The parents denied any poisonous substances being inside of the house. After the news of the poisoning became public, Piedad became ill and quiet. The parents believed that the children were killed by people from outside of the family. Antonia sympathised with Piedad, telling interviewers that she was the last person seen by the siblings before their deaths. She also claimed Piedad could not understand the full extent of the situation due to her age.

Piedad became a suspect due to her being in charge of taking care of the children and feeding them. An investigator pretended to put chloride into a glass of milk for Piedad while questioning her, to which she became angry and stopped him. When he insisted Piedad drink it, she refused. Following the investigator asking her if it was similar to what she gave her siblings, she confessed to the crimes, claiming that the first three siblings she killed were on her mother's orders, and the last one on her own terms. Piedad recounted that Fuensanta was the only one who spoke during the poisoning, saying "Piedad, come quickly. I'm dying". She said she committed the poisoning through homemade balls of rat poison and tablets used to clean metal, then putting it into glasses of milk. All children died within an hour.
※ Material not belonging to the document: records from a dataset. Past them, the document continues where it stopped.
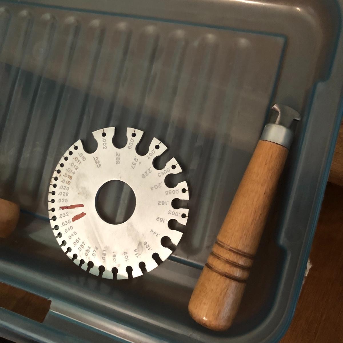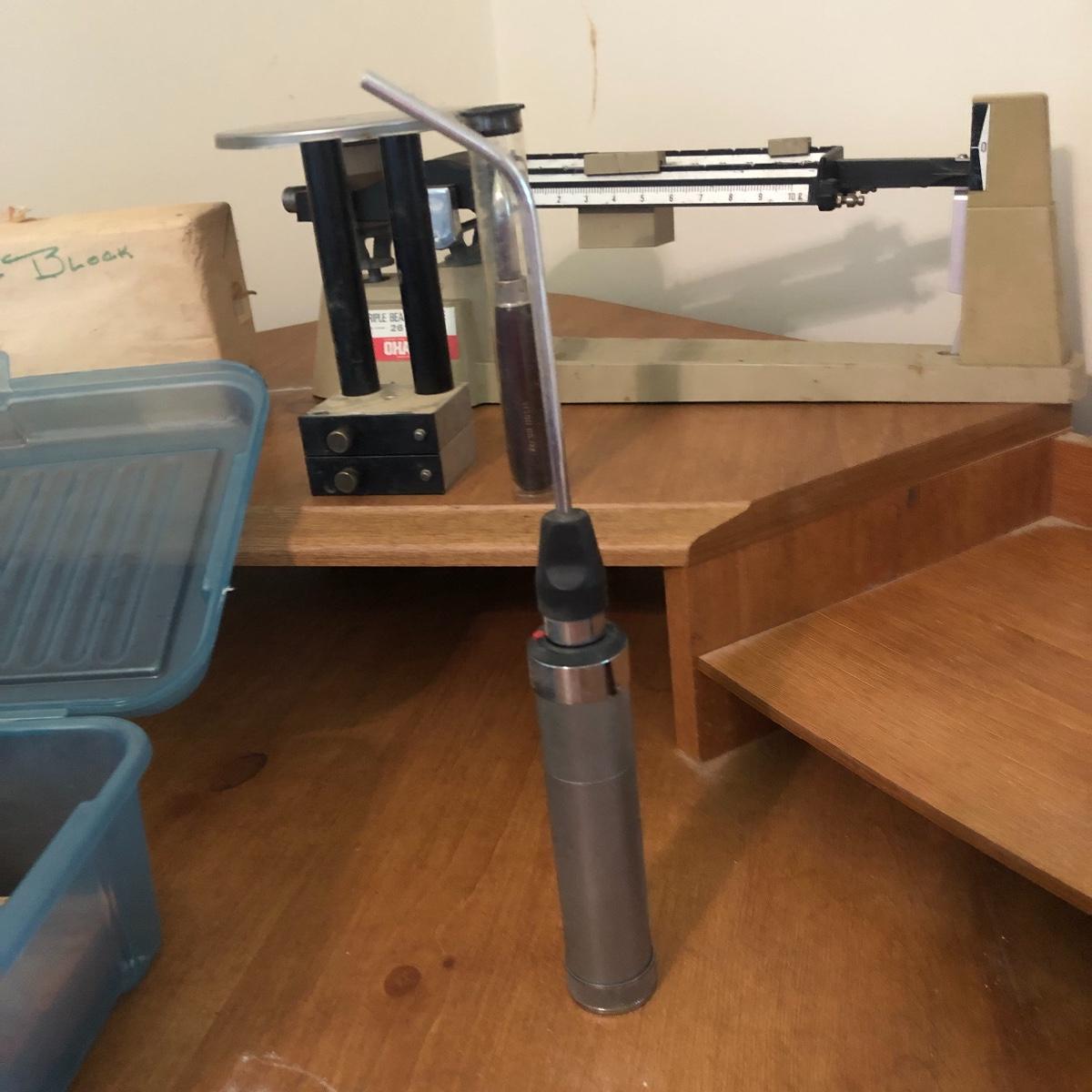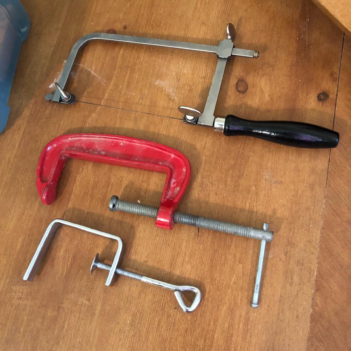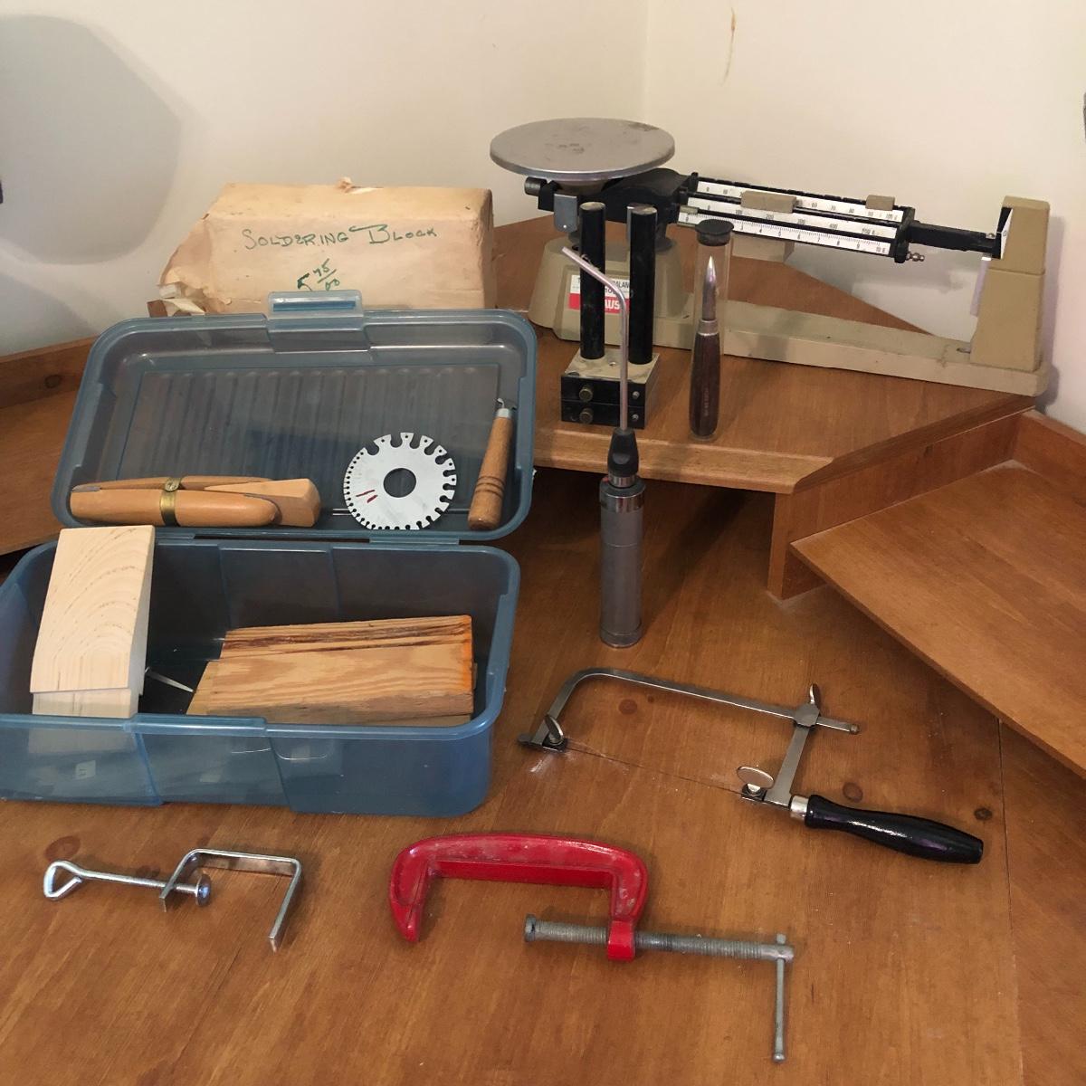 This lot includes smithing tools, a jeweler’s saw, saw blades, a burnisher, a OHAUS triple beam balance scale and more. The plastic container pictured is included with the lot.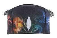 Женская сумка из кожи морского ската черного цвета с узором в виде линий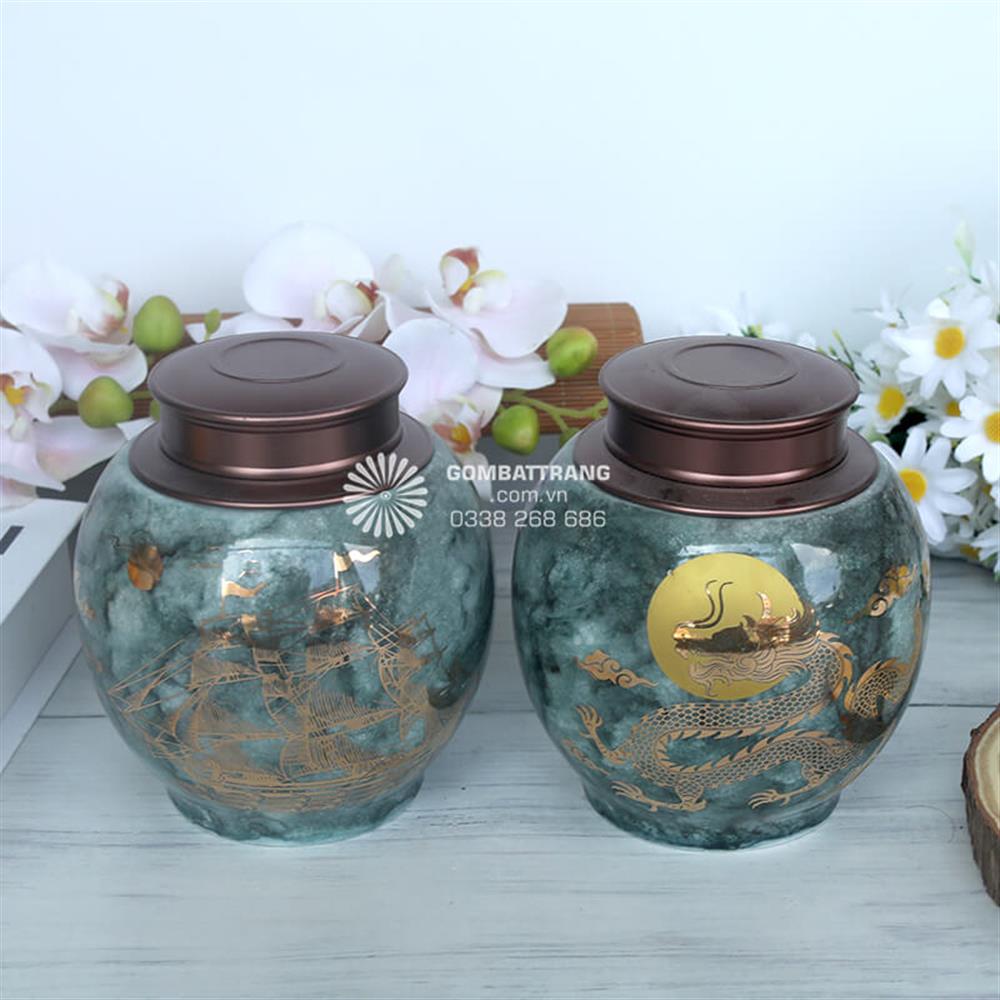 Lọ đựng chè Bát Tràng mang họa tiết rồng uốn lượn quanh thân lọ, được vẽ bằng kỹ thuật chấm vàng kim tinh xảo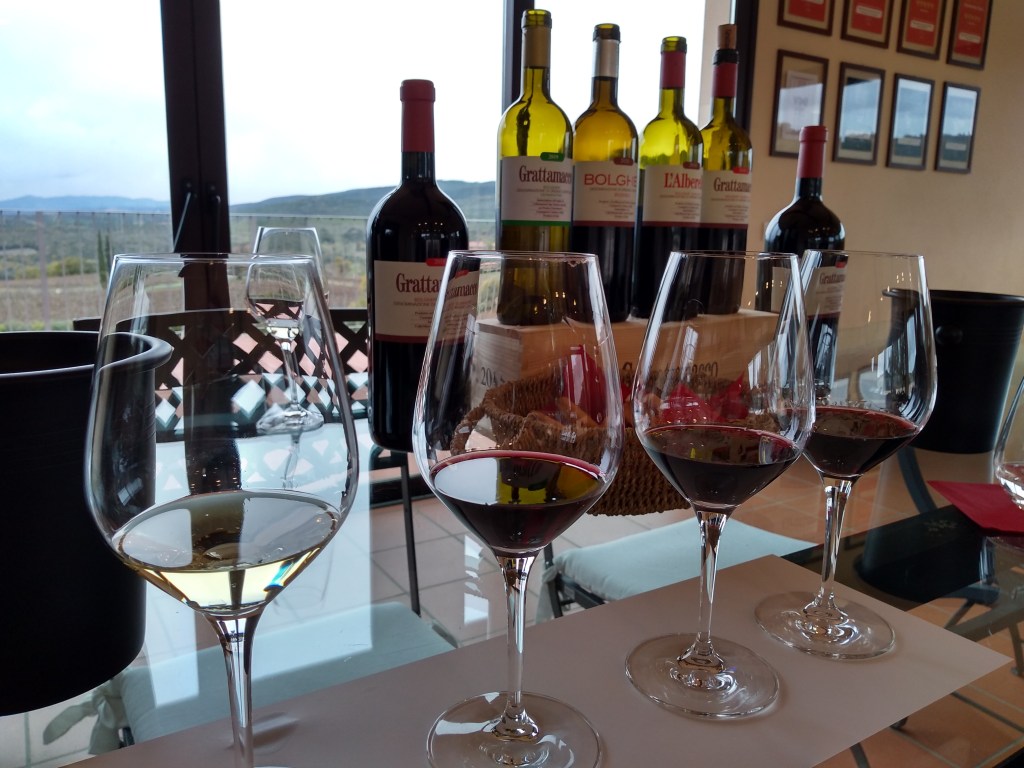 Tasting: 4 glasses of wine – Grattamacco Vermentino (white), Bolgheri Rosso (red), L’Alberello DOC single vineyard (red), Grattamacco Bolgheri (red)

Piedad, having become frustrated at being forced to take care of her younger siblings, began poisoning the youngest children in order to have more free time and to play with her friends. Following her confession, she was admitted to a psychiatric hospital and gave several differing versions of events. She maintained that her mother persuaded her to poison the first three children. Doctors at the hospital concluded that she was a psychopath and acted with premeditated malice. Although she was the sole perpetrator of the four deaths, as a minor, she could not be indicted. Following a brief stay at the Juvenile Court, she joined the Oblates' convent in Murcia.

== Aftermath ==
The incident gained notoriety in local media, being dubbed "The Case of the Murcian Children". Unfounded rumours that the children died from suffocation after having pillows pressed on their faces circulated prior to the discovery of the poisoning. The case generated extensive discussion throughout Spain. During her time at the Oblates' convent, Piedad was reportedly happy and enjoyed knitting. She expressed desires to live with an aunt, Lola, who had no children. The family was shunned following the crimes, and Andrés Sr. worked as a garbage collector in his later life, eventually becoming blind. Piedad's two oldest brothers would go on to commit petty crimes. No information on Piedad following her commitment to the convent is known.